The Moringa extract of the present invention is extracted with pure squeezing or a significant nonpolar extraction method (especially, hexane extraction). The moringa extract of the present invention may also be prepared by conventional methods known in the art, that is, under the conditions of ordinary temperature and pressure, using conventional solvents (e.g., water, anhydrous or hydrous lower Hot water extraction, room temperature extraction, warming extraction, ultrasonic extraction, supercritical extraction, etc.), which are conventionally used, for example, by adding water, alcohol, acetone, ethyl acetate, butyl acetate or 1,3-butylene glycol.

In addition, the extract may be further subjected to filtration or purification.
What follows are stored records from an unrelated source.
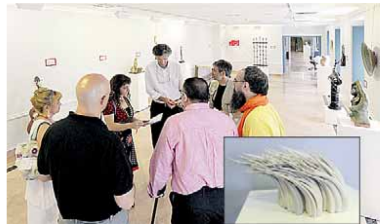
El jurado dio a conocer el fallo el jueves 4. La pieza ganadora está elaborada en cerámica y destaca por su originalidad.

En cuanto a los datos por provincias, el desempleo desciende en 50, principalmente en Barcelona (-15.869), Madrid (-14.716) y Málaga (-6.781).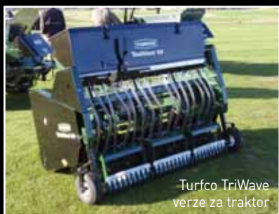
Turfco TriWave verze za traktor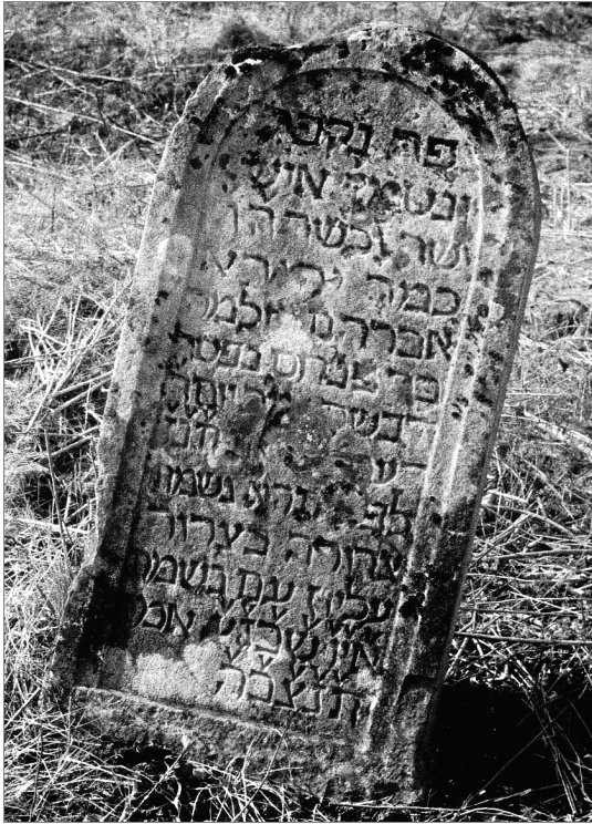
Grabstein des 1696 verstorbenen Salomon Geismar von Breisach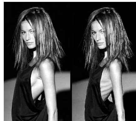
»Thinspirations« aus dem Internet vor und nach der Bildbearbeitung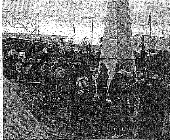
Sopra l'esibizione di un centauro, nella foto accanto invece le code ai botteghini per entrare in Fiera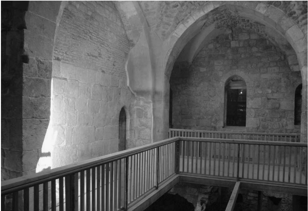
7 חדר ההלבשה של הח'מאם במתחם "אהל יצחק"

להכשרתה כמוקד להתכנסויות באירועים מיוחדים. בקצה הדרום-מערבי של השטח הוכשר שביל מעבר עילי (אפשר שבעתיד יעבור במנהרה מתחת לכביש) העתיד לקשר באופן ישיר בין עיר דוד ובין העופל. בחלקו הדרומי ביותר של השטח מצויים שרידי מבנים מהתקופה הביזנטית שלא זכו עד היום לשימור, המחשה או שילוב במסלולי הביקור. המשך פרויקט המקוואות עתיד לכלול שימור, פיתוח והמחשה של כל השטח המדובר, החוצץ בין מסלול המקוואות לפרויקט "חומות העופל" (להלן). יש לציין כי מלבד הטיפול בשרידי הארכיאולוגיים נעשה מאמץ תכנוני מיוחד לגרום לכך שהמדרכים החדשים יתמזגו בשטח (איור 8). פרויקט "חומות העופל" נועד להציג למבקר את חלקו הדרומי של הגן, בו נחשפו שרידים מתקופת בית ראשון. חלק מהשרידים זוהו על ידי הארכיאולוגית אילת מזר כשרידי שער בחומת העיר. לאור הספקות שהועלו כנגד פרשנות זו לא בוצעו השלמות באבן לשם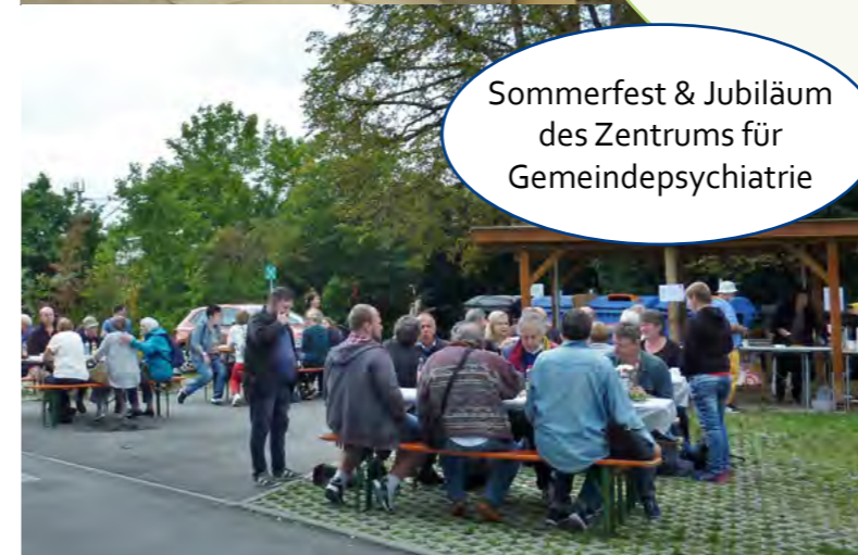
Sommerfest & Jubiläum des Zentrums für Gemeindepsychiatrie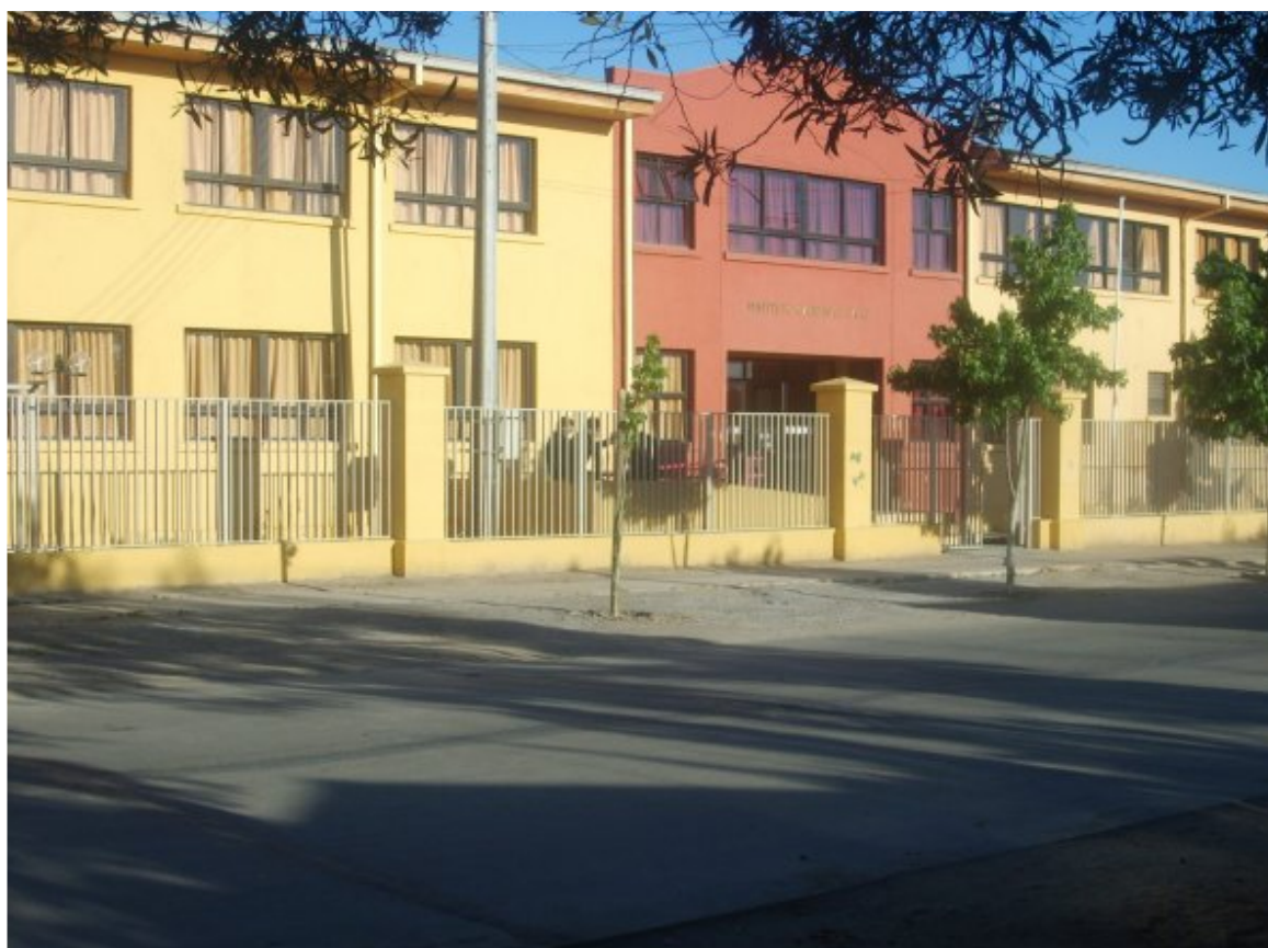
FOTO FRONTIS DE ESTABLECIMIENTO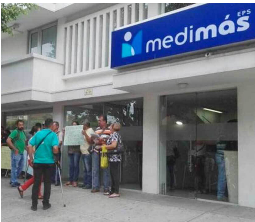
Medimás, EPS que contaba con más de 1,5 millones de usuarios, fue liquidada en el gobierno de Iván Duque.

El informe de la Contraloría también indica que el proceso de liquidación de las EPS afecta el flujo de recursos, ya que se paraliza durante dicho proceso.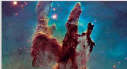
Esta imagen muestra los Pilares de la Creación en el centro de M16, la nebulosa del Águila.

Con una extensión de entre 4 y 5 años luz, los Pilares de la Creación son una característica fascinante, pero relativamente pequeña, de toda la Nebulosa del Águila, que abarca 70 por 55 años luz. La nebulosa, descubierta en 1745 por el astrónomo suizo Jean-Philippe Loys de Chéseaux, se encuentra a 7000 años luz de la Tierra, en la constelación de Serpens. Con una magnitud aparente de 6, la Nebulosa del Águila puede observarse con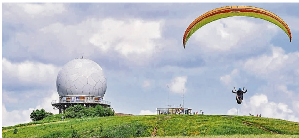
Körle / Gemeindefahrt für Senioren in die Rhön - Wasserkuppe

Anschließend besteht die Möglichkeit, zur Enzianhütte zu laufen, die Wasserkuppe zu besuchen – dazu gibt es einen Bus-Transfer – oder den Nach-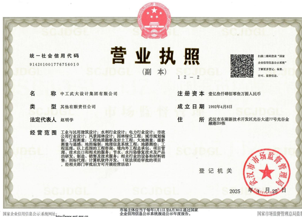
国家企业信用信息公示系统截图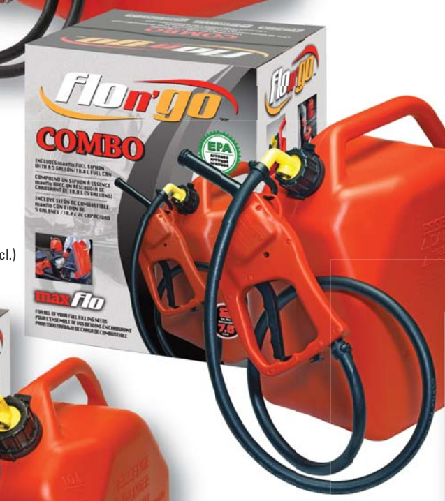
08341 Max Flo Combo (incl. 18.8 L/5 Gal can) Combi Max Flo (nourrice 18,8 L/5 gal incl.)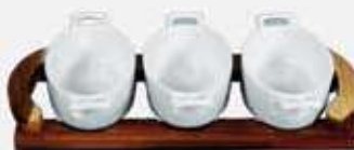
JGO. 3 CAZUELITAS MED. OVALES C/ASAS + BASE DE MADERA 3 OVAL BOWLS + WOOD TRAY AJ3CMOBM (31x14x5 cm.)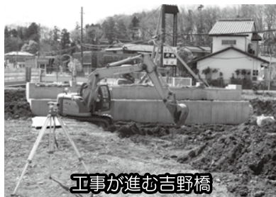
工事が進む吉野橋

とを懸念して、狭窄部を設け、流出抑制を図り、下流部の流量負担を軽減する目的で、眼鏡橋等が設置されたものである。そのため、河川改修が完了すると眼鏡橋等は不要となる。今後は、改修状況を踏まえつつ、眼鏡橋等狭窄部の取り扱いについて、県と調整を図っていきたい。（河川課） ○その他の質問項目 「各種審議会について」

In addition, the Moringa extract of the present invention can be prepared in a powder state by an additional process such as vacuum distillation and freeze-drying or spray drying.

According to a preferred embodiment of the present invention, the moringa extract of the present invention includes not only the extract obtained by the above-mentioned extraction method, but also an extract obtained by supercritical extraction or ultrasonic extraction by decompression by carbon dioxide and high temperature.

The supercritical fluid extraction refers to supercritical fluid extraction. Generally, the supercritical fluid is extracted from the liquid and the liquid when the gas reaches the critical point at high temperature and high pressure. (J. Chromatogr. A. 1998; 479: 200-205). In addition, it has been reported that the supercritical fluid has a polarity similar to that of a nonpolar solvent.

Carbon dioxide is a supercritical fluid with both liquid and gaseous nature, with the operation of supercritical fluid equipment reaching its critical pressure and temperature, resulting in increased solubility in fat-soluble solutes. When supercritical carbon dioxide passes through an extraction vessel containing a certain amount of sample, the lipophilic substance contained in the sample is extracted into supercritical carbon dioxide.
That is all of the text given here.